Immunology

Wow, what a way to end our 10 day tour in Hell!  Okay, perhaps I'm exaggerating slightly but it's been a tough week or so.  Many, many mixed emotions, it will take awhile to process it all out in my mind and come to a place of peace and normal again.

Today brought so much frustration!!!  We knew the chemo Shelbie just finished came with some risks.  That being said, when the chemo was done, no one bothered to do any further testing to see what the results of the chemo were so we have assumed that it fixed the ITP and we avoided the nasty risks. 

Well....sorely mistaken!  The chemo did exactly what they suspected it would, it destroyed her B-cells and Lymphocytes.  Lymphocytes are part of the White cells that fight the mean and nasty infections.  Shelbie's tests came back 'ND', not detectable.  None, nada, no lymphocytes and b cells.  Geeeshhh!  So, she starts some strong antibiotics which she will have to take daily for the next 3-6 months or more, maybe the rest of her life.  There is a chance that after just one cycle of chemo, the b-cells and lymphs will come back in a few months... yay!!!  No, boooo, when they come back, the probability of ITP coming back is great, most likely in fact.  If they don't come back but the ITP does, it means bone marrow failure or Mitochondrial failure involving the marrow.  At that point, there will be no treatment but transplant. 

If the ITP comes back with the b- cells etc... then our only treatment option is another round of chemo and with each treatment the chances of destroying her immune system forever increases to the point that she will be on infusions every week or two for the rest of her life. 

I asked if we still did the right thing and how we handle the future.  They agreed without hesitation that it was our only option and they will never agree to a splenectomy or the new drug.  They assured me today that they will be able to keep her 'alive' and 'safe' even when the B cells and lymphs are gone for good.  UGHHH....

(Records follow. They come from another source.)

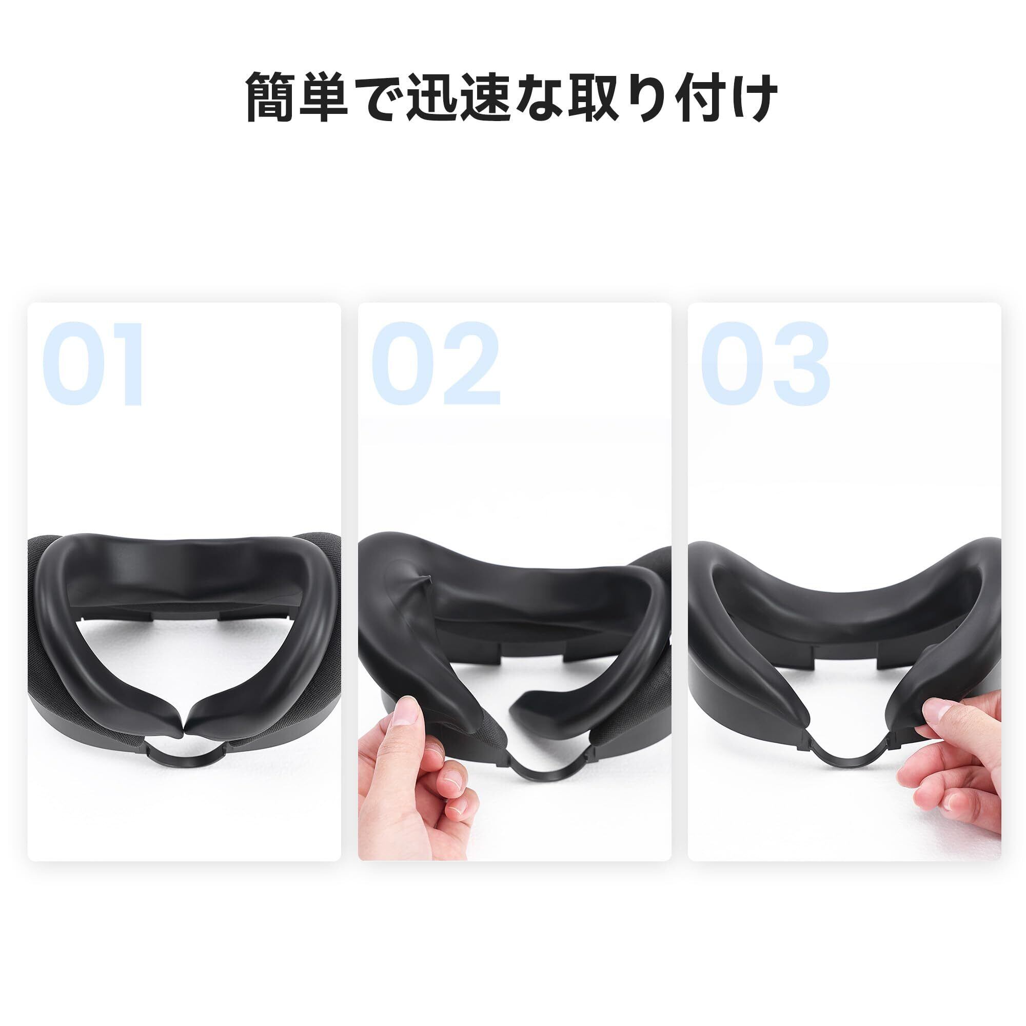 肌に優しいシリコン素材:柔らかいシリコン素材に作れられたquest 3に対応 フェイスカバーは優しい肌触りで疲労を軽減し、長時間の使用でも快適。
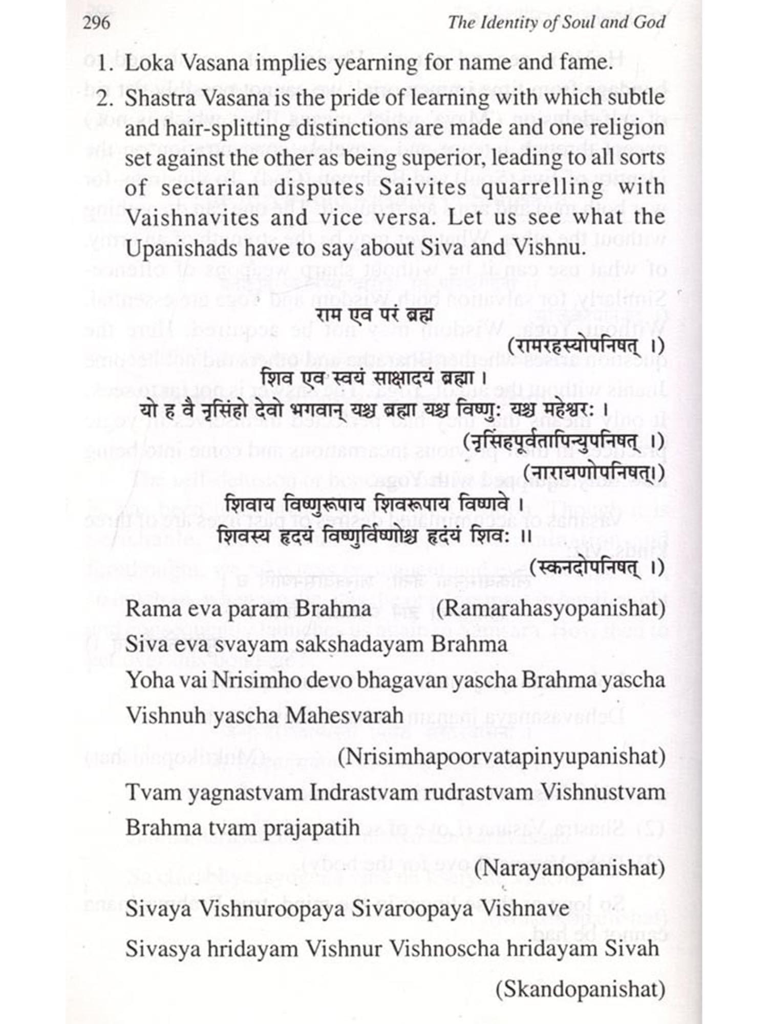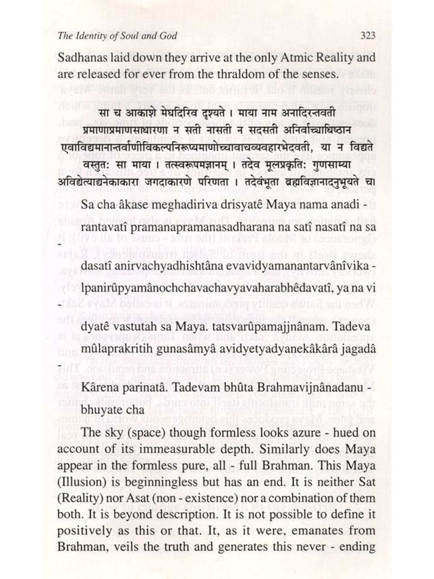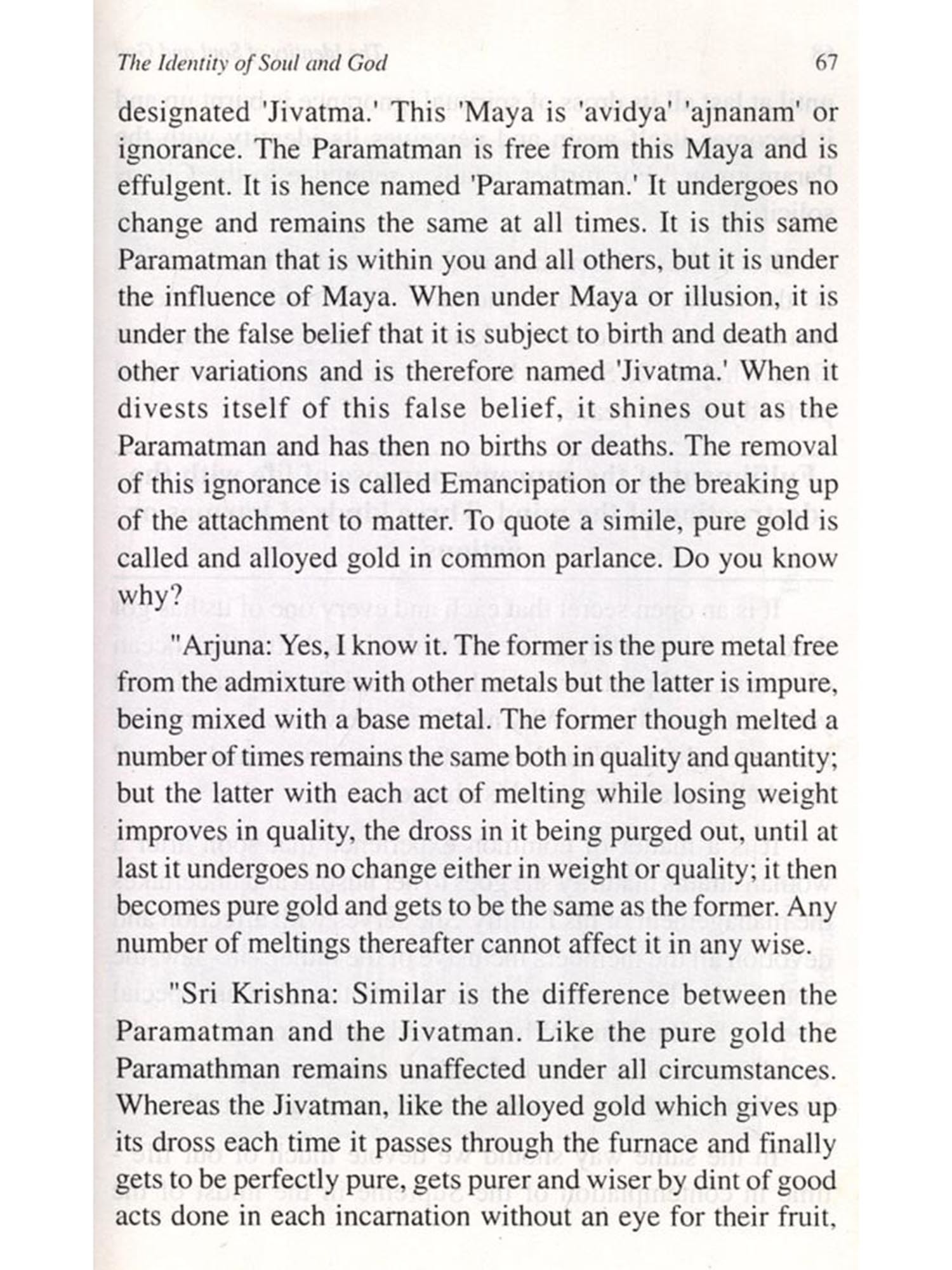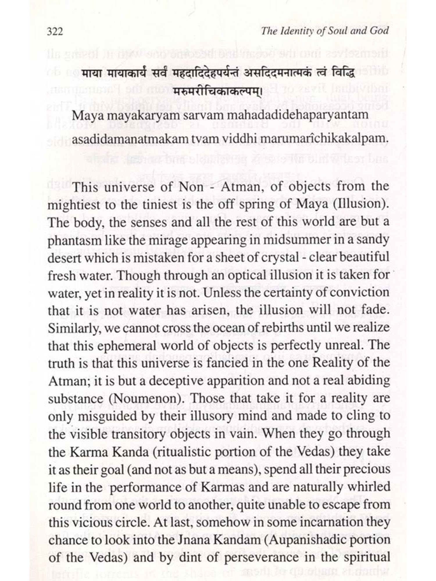It is usual to localise the position of the crescent moon with reference to the branch of a tree and that of Arundhati Devi, the ideal of chastitiy and wife of Sri Vasishtha, with reference to the stars in the constellation called the 'Big Bear'; so, does this 'Identity of Soul and God the secret of the Vedanta' point to the Brahma the Subtlest of the subtle. Ignorant of the identity of the immortal personal Soul and Para Brahman (the Universal Soul) and mistaking the ephemeral body which is a compound of the five elements for the eternal principle, people do acts of merit and sin and to enjoy the fruits thereof take births ad infinitum in various sorts of wombs and undergo all sorts of pleasure and pain. No one can extricate himself from this endless cycle of births and deaths until he realises that "he and Brahman are one."Deluded by Maya (nescience) all men and women in the world fall into the bottomless abyss of Samsara and suffer from the diseases of avarice and Lust, not knowing how to attain Eternal Bliss which they always yearn for. They may well he compared to the foolish elephant which for the sake of a few blades of grass falls into the khedda (ditch) and is captivated for ever.
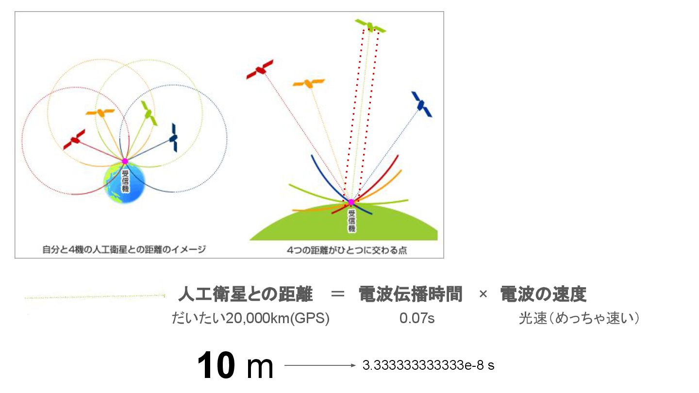 人工衛星との距離 = 電波伝播時間 × 電波の速度 だいたい20,000km(GPS) 光速(めっちゃ速い) 3.333333333333e-8 s 10 m 0.07s
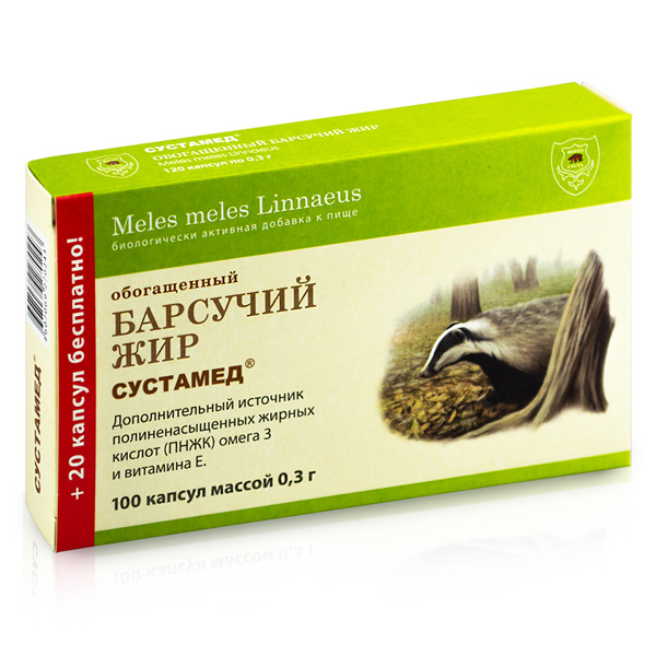 Барсучий жир в капсулах - улучшенный состав лекарства - эффективный, безопасный, имеющий лечебное и профилактическое действие. Капсулы содержат полиненасыщенные жирные кислоты (Омега-3), витамин А и Е, масло зародышей пшеницы.
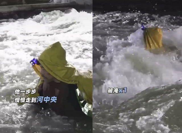 因此,他提出到河中央进行拍摄,从视频中可以看到整个河道长达50米并且水流速度非常快。刘青云依旧坚持一步步走向河中央,在拍摄过程中他也因为水流速度过快导致站不稳而数次被淹。拍摄顺利完成,他上岸时已经浑身湿透。
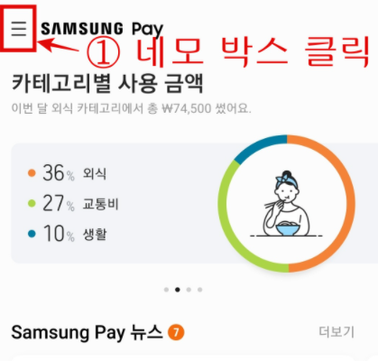 삼성페이 어플을 실행합니다.
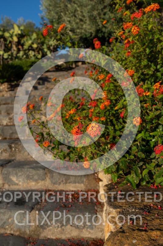 Flowers border the Stairway from the pool
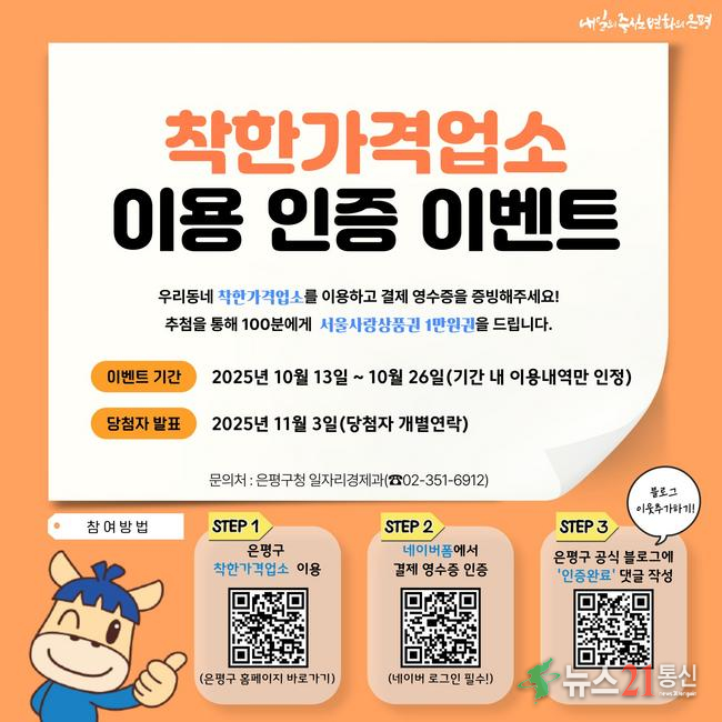 착한가격업소는 물가 안정을 위해 합리적인 가격과 양질의 서비스를 제공하는 업소다. 은평구는 이번 이벤트를 통해 주민들이 더욱 많이 이용할 수 있도록 참여형 이벤트를 마련했다.
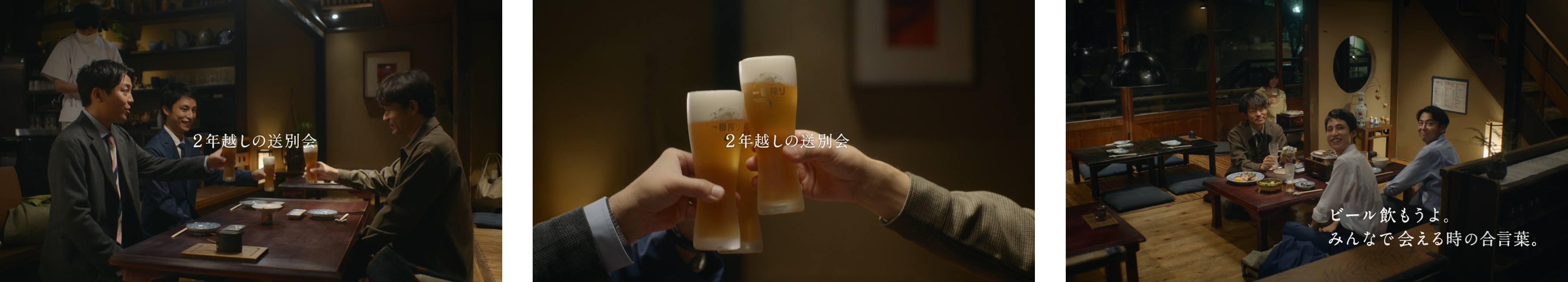 2年越しで実現した送別会に参加できたのは、わずか3人。しかし「2年も経って2人も集まったの、すごくないですか?」と、同じ職場で苦楽を共にした3人は、幸せな気持ちに浸りながら「一番搾り」で乾杯します。
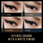 • For ultra-precision and bold eyes in just one stroke, there's Max Factor Masterpiece Matte Liquid Eyeliner. It's a highly pigmented waterproof liquid eyeliner that provides intense colour and up to 12 hours of wear with a matte finish. From beginners to pros, this liquid eyeliner pen draws a fine line and glides on effortlessly thanks to the high-precision tip applicator. The quick-drying formula ensures a mess-free application. Sweat-proof, humidity-proof, smudge-proof, flake-proof, fade-proof and transfer-proof, the vegan formula is made from a well-balanced combination of polymeric film formers and light diffusing particles to offer a deep matte finish with great staying power. Available in 4 shades for the perfect eyeliner look.

The boys, well, the jury is still out on them.  We will need to wait until the battery of immunology tests are back in 4-6 weeks.  Of course the Immunologist commented on the numerous autoimmune diseases we are plagued with in our family and again, they will pow wow with our other specialists to decided which parts are mito involvement, bone marrow failure and auto immune.  What a mess! 

I am holding on to her words, "I can treat kids with no immune system and they can live a somewhat normal life.  We will make the infusions fit seamlessly into your life." 

In the meantime, I am so relieved that Shelbie has survived the last few weeks considering Spencer dragged pneumonia home and she did not catch it!  What an amazing blessing!  Still miffed that this testing was not done at home sooner than this.  If we had not come here, we would be completely oblivious to these problems and her life could be in danger with the simplest infection!  That in itself is a blessing.  My knuckles are white and I'm wiped out!  We were at the hospital for 8 straight hours...an awesome way to fry one's brain.
Photobucket

Comments

  1. That is so much to handle! Sometimes do you feel like when total stress is over, the aftermath without the adrenaline is still so hard? I hope that all goes well for Shelbie and your boys. You are all doing amazing things--hang in there!

    ReplyDelete
  2. Sonja,
    The aftermath is almost the hardest part! I don't understand why that is but it's always when the real struggle begins. I hate that part and that nasty chapter will be starting soon. I think that's why I am avoiding going home. Thanks for the vote of confidence.